After suffering for a few months, I made a list of my symptoms and sought out a menopause specialist, hoping to get personalized guidance. She offered me nothing more than a recommendation to start HRT. I was furious that she, the expert, could not help me find answers.

Still, that day I went home and popped the first HRT pill. It helped lessen many of my symptoms within a week. I wish I hadn't second guessed myself about starting hormones right away.

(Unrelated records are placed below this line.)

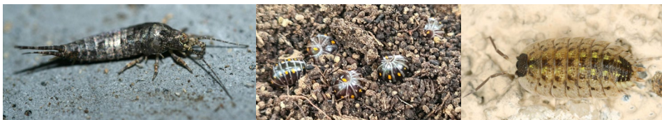
Abb. 32: Lepismachilis notata , Glomeris pustulata und Porcellio spinicornis (v.l.n.r.).

Leider ist unser Kenntnisstand in Österreich zu Verbreitung und Vorkommen bei vielen Organismengruppen sehr lückenhaft. Dies gilt insbesondere für viele Gruppen von Bodenarthropoden, insbesondere für primär flügellose Insekten und Myriapoden. Während Österreich in der ersten Hälfte des 20. Jahrhunderts noch zu den Hochburgen der Myriapodenforschung (STAGL 2003) zählte, fehlen Daten zur rezenten Verbreitung der meisten Arten weitgehend. Im Rahmen des Insektencamps konnten 2 Myriapoden-, 3 Landassel- und 2 Archaeognathenarten sowie eine Collembolenart dokumentiert werden. Dabei ist die Felsenspringerart Lepismachilis notata sehr erwähnenswert.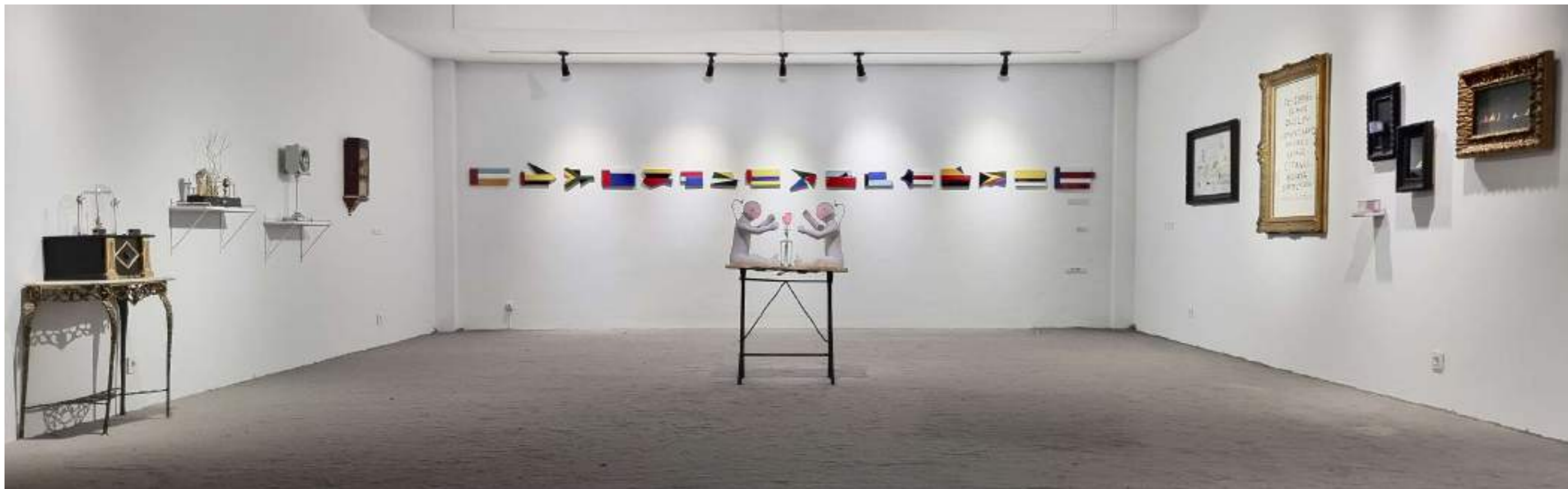
Vista quinta sala con obras de Cyro García, David Disoluto y José Casany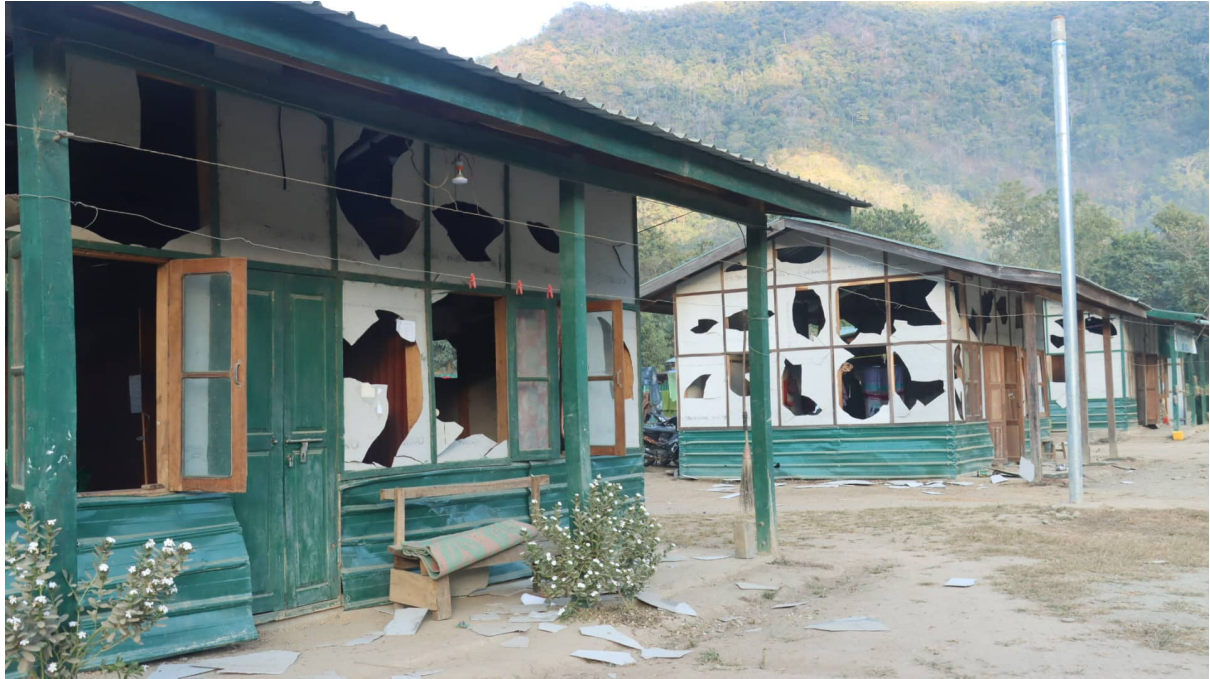
ပုံ (၆) - ပျက်စီးမှုများကို ထင်ရှားစွာတွေ့မြင်နိုင်သော အဆောက်အဦးများပြ မြေပုံ၊ ကိုညွှန်နိတ် 23.069562, 93.347362 ဝန်းကျင်.

Just like menstruation, we don't talk enough about menopause. I think what happens is that the feedback loop of silence means symptoms aren't reported to doctors, who then have no idea what women are actually going through. Natural menopause and surgical menopause are sometimes conflated, and I believe doctors may shy away from HRT due to an overemphasis on hypothetical dangers rather than lifetime benefits.

Women like me often enter surgical menopause with an urgent surgery and no time to prepare. This leaves us scrambling for information once we're already in its throes. I believe surgical menopause should come with automatic counseling, especially to address the identity shake-up that comes with loss of reproductive organs.

Thankfully, I've found online groups of women telling their stories of surgical menopause where I can share my concerns and experience. Even though I've had to find them on my own, the resources are abundant. In sharing my story, I hope to be a resource, too.

With my partner, we're slowly addressing the sexual side effects with dialogue, patience and lots of lube. We're getting used to my new body and affectionately poke at the fading scars on my numb belly, hoping the sensation will return. We've lost some spontaneity, but our intimacy continues to grow.

After a challenging year, I've begun to tiptoe toward accepting my body and its new shape instead of dwelling on what's changed. My experience has both forced and allowed me to speak more freely than ever about my sexuality, my body image, my relationships and my sense of self.

I've found more personal honesty than ever before, and I know I'm capable of enduring so much.